In linear measurement with noise, we denote the measurement as
$$y = Ax+v$$
where $x$ is the measure we want to estimate, $y$ is the measurement, $A$ characterizes some sensor, and $v$ is sensor noise. We assume that
$$x \sim \mathcal{N}(\bar{x}, \Sigma_x), v \sim \mathcal{N}(\bar{v}, \Sigma_v)$$
and that $x$ and $v$ are independent.
Then in the proof, it takes $x$ and $v$ and does the following:
$$\begin{bmatrix} x \\v \end{bmatrix} \sim \mathcal{N} \Big( \begin{bmatrix} \bar{x} \\ \bar{v} \end{bmatrix}, \begin{bmatrix} \Sigma_x, 0 \\ 0, \Sigma_v \end{bmatrix} \Big)$$
How do we know that combining the two in such a way results in a normal distribution? What exactly is this operation? Any link to a proof would be appreciated.
Best Answer
Here is a general idea: We can use the independence between $x$ and $v$ and write $p(x,v)=p(x)p(v)$. We know both $x$ and $v$ are multivariate normal, hence, we can write:
$p(x)p(v) = \dfrac{1}{\sqrt{(2\pi)^n|\Sigma_x|}}e^{-1/2(x-\bar{x})'\Sigma_x^{-1}(x-\bar{x})} \dfrac{1}{\sqrt{(2\pi)^n|\Sigma_v|}}e^{-1/2(v-\bar{v})'\Sigma_v^{-1}(v-\bar{v})}$
After simplifying the above equation, we can write:
$= \dfrac{1}{\sqrt{(2\pi)^{2n}|\Sigma_x||\Sigma_v|}}e^{-1/2(u-\bar{u})'\begin{bmatrix}\Sigma_x^{-1} & 0\\ 0 & \Sigma_v^{-1} \end{bmatrix}(u-\bar{u})}$, where $u = [x,v]$ and $\bar{u} = [\bar{x}, \bar{v}]$.

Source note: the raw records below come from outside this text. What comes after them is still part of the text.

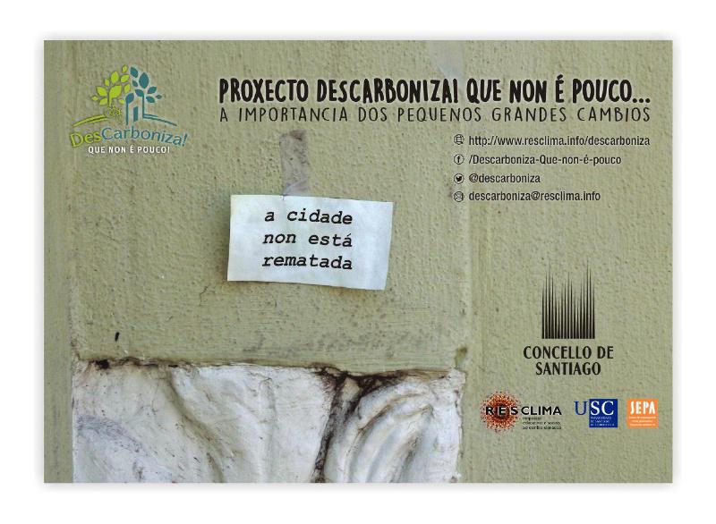 Reducir as emisións de gases de efecto invernadoiro. Este é o obxectivo principal do grupo de investigación de Pedagoxía Social e Educación Ambiental da USC (SEPA) co proxecto ‘ Descarboniza! Que non é pouco’. Con este xogo de palabras, o grupo da USC presenta unha iniciativa que busca organizar e acompañar grupos de persoas que estean dispostas a “descarbonizar” os seus estilos de vida, combatendo dende o ámbito do cotiá o cambio climático. Durante o primeiro semestre de 2017 o grupo SEPA desenvolverá unha iniciativa piloto no Concello de Santiago a través dun convenio de colaboración coa Concellaría de Medio Ambiente e Convivencia.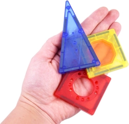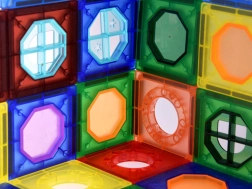 Az építőkészlet különböző színes paneleket és formákat tartalmaz, amelyek segítik a gyerekek formák és színek felismerési képességének fejlesztését.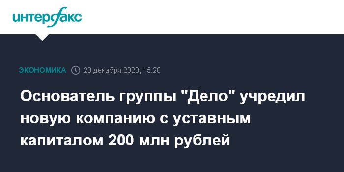 Москва. 20 декабря. INTERFAX.RU - Совладелец группы компаний "Дело" Сергей Шишкарев учредил ООО "Логин Дело" с уставным капиталом 200 млн рублей, свидетельствуют данные ЕГРЮЛ.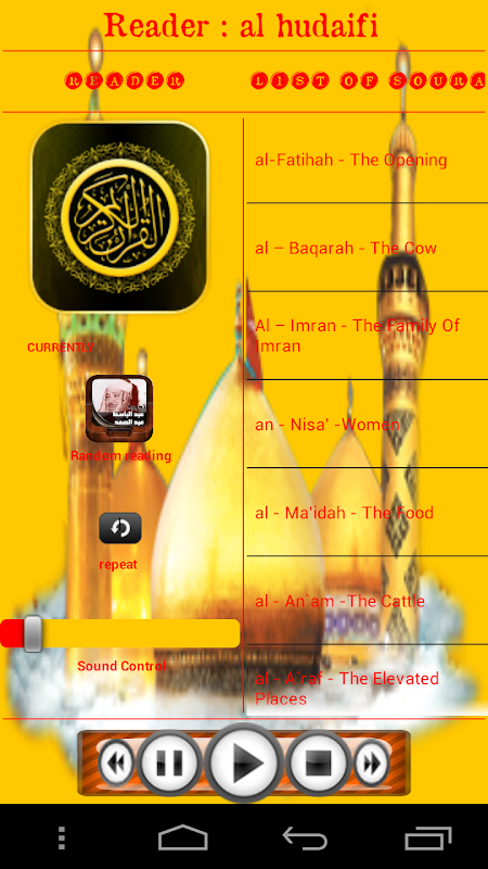 タラーウィーフの祈りからのナフィのカロンのナレーションでの朗読者シェイク・アル・フダイフィへの高貴なコーランの適用

Note that now we can define $\Sigma_u = \begin{bmatrix}\Sigma_x & 0\\ 0 & \Sigma_v \end{bmatrix}$, i.e., a $\textit{Block Diagonal}$ matrix. Hence, its determinant and inverse is exactly appeared in the above equation. Hence, $p(x,y)=p(u)$ is Gaussian $N(\bar{u}, \Sigma_u)$.